I recently purchased a 2015 Cruze LTZ RS from a local dealer. Sadly, this car wasn't maintained all that well by the previous owner; you can clearly tell the tires were never rotated or balanced. That being said I will be in the market for new tires here soon. 

My previous employer was Discount Tire (America's Tire) so I do have an idea on what tires will fit well versus those that will not. I am also incredibly picky; just ask my fiance. Ideally, I would like to stick to the factory tire size (225/45R18) as long as the tire features the deep curb protector like the factory Michelin Pilot HXM4. The factory tire retails for $199.00 a tire; a bit too pricey for a 40,000 mile tire in my opinion. 

If I can't find a tire that I like in the factory tire size I would also be satisfied with mounting a 235/45R18. I do realize the outside diameter will be .17'' different and would throw my speedometer off by 1 mph. That difference is negligible in my mind. 

Has anyone mounted a different tire on their LTZ wheels? Could I see photos of your tires mounted? 

The two tires I currently have my eye on: 

225/45R18: Continental ControlContact Sport AS = 156.00 per
225/45R18: Michelin Pilot Sport A/S 3 = 189.00 per

235/45R18: Continental ControlContact Sport AS = 175.00 per
235/45R18: Bridgestone Potenza RE97 AS = $147.00 per


----------



## Poje (Aug 2, 2012)

"225/45R18: Michelin Pilot Sport A/S 3 = 189.00 per"

Thats the best tire in you choices there, its what i had on my old Cruze when i sold it, one of the best all around tire.

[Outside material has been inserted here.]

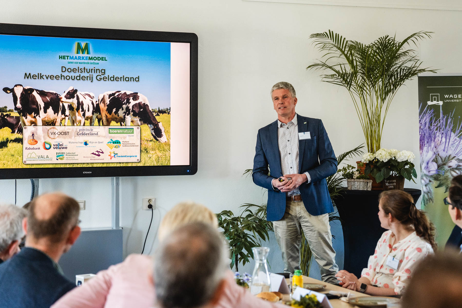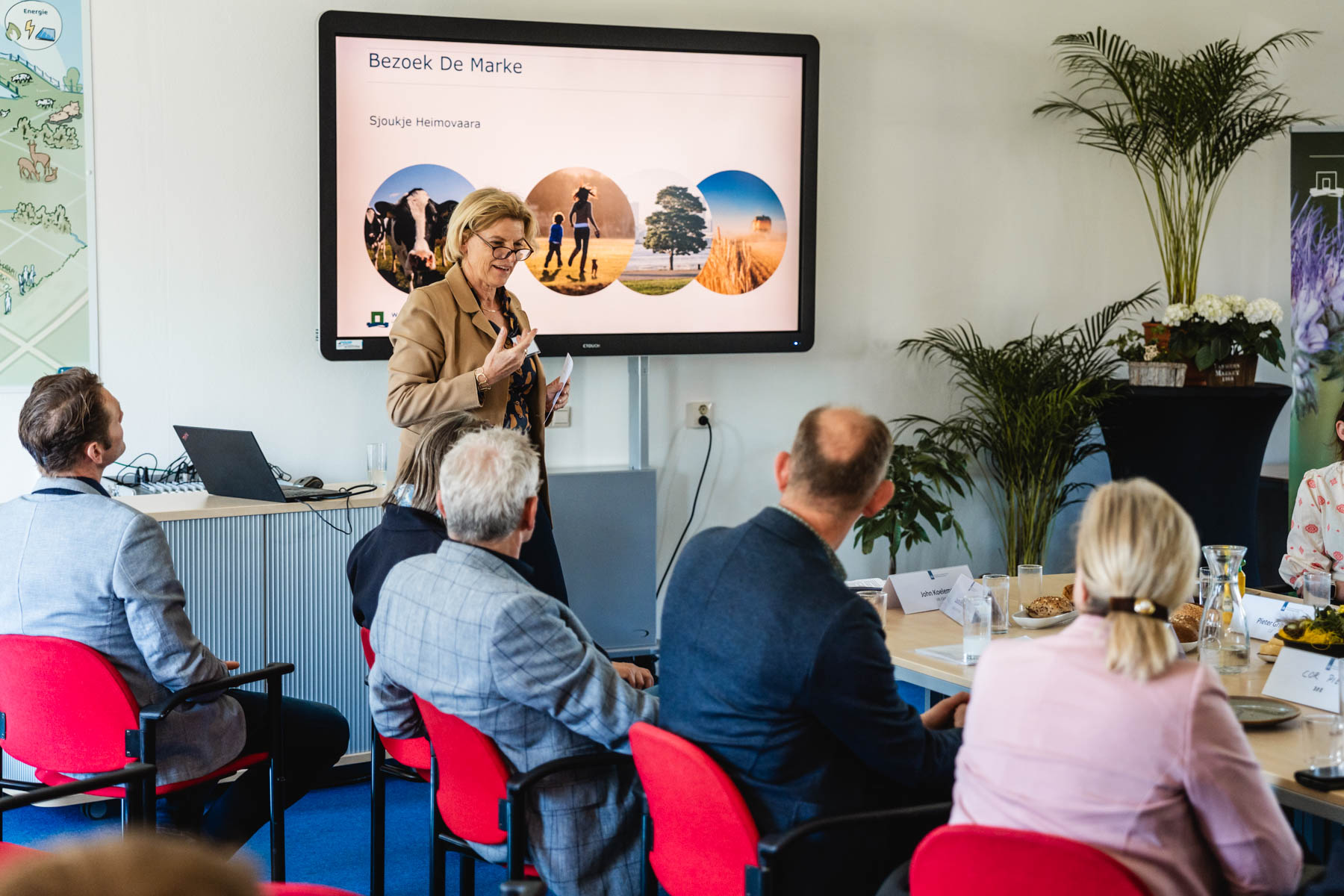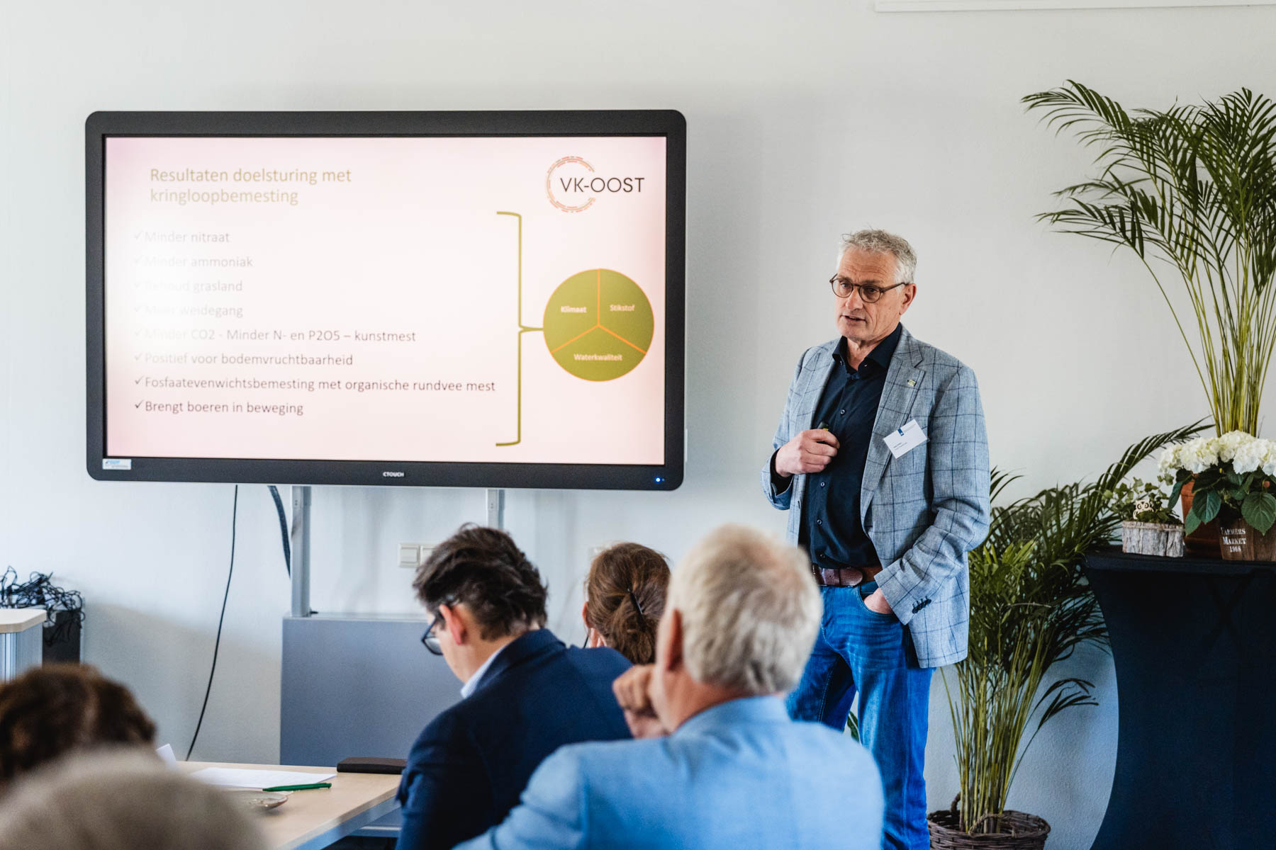 Na een fotomoment werd het werkbezoek vervolgd met een lunchgesprek. Een belangrijk onderdeel van het bezoek was de presentatie van het Markemodel en het voorstel voor doelsturing met kringloopbemesting door Dick Looman en Jaap Gielen, namens VALA en VK-Oost. Het Markemodel laat zien hoe doelsturing boeren kan helpen bij het maken van duurzame keuzes, passend binnen hun bedrijfsvoering. Ook werd ingegaan op de kracht van regionale samenwerking tussen onderzoek, agrariërs en lokale partijen, toegelicht door Sjoukje

For the size, 235 wont be a big difference, probably 2mph at 60mph. You gonna get a lil more grip and a lil more confort.


----------



## GMFanatic (Jan 5, 2016)

After reading review after review I think I had decided on the Continental ExtremeContact DWS 06 in the 225/45R18. The tire seems to ride about the same but provides a longer life than the Michelin.


----------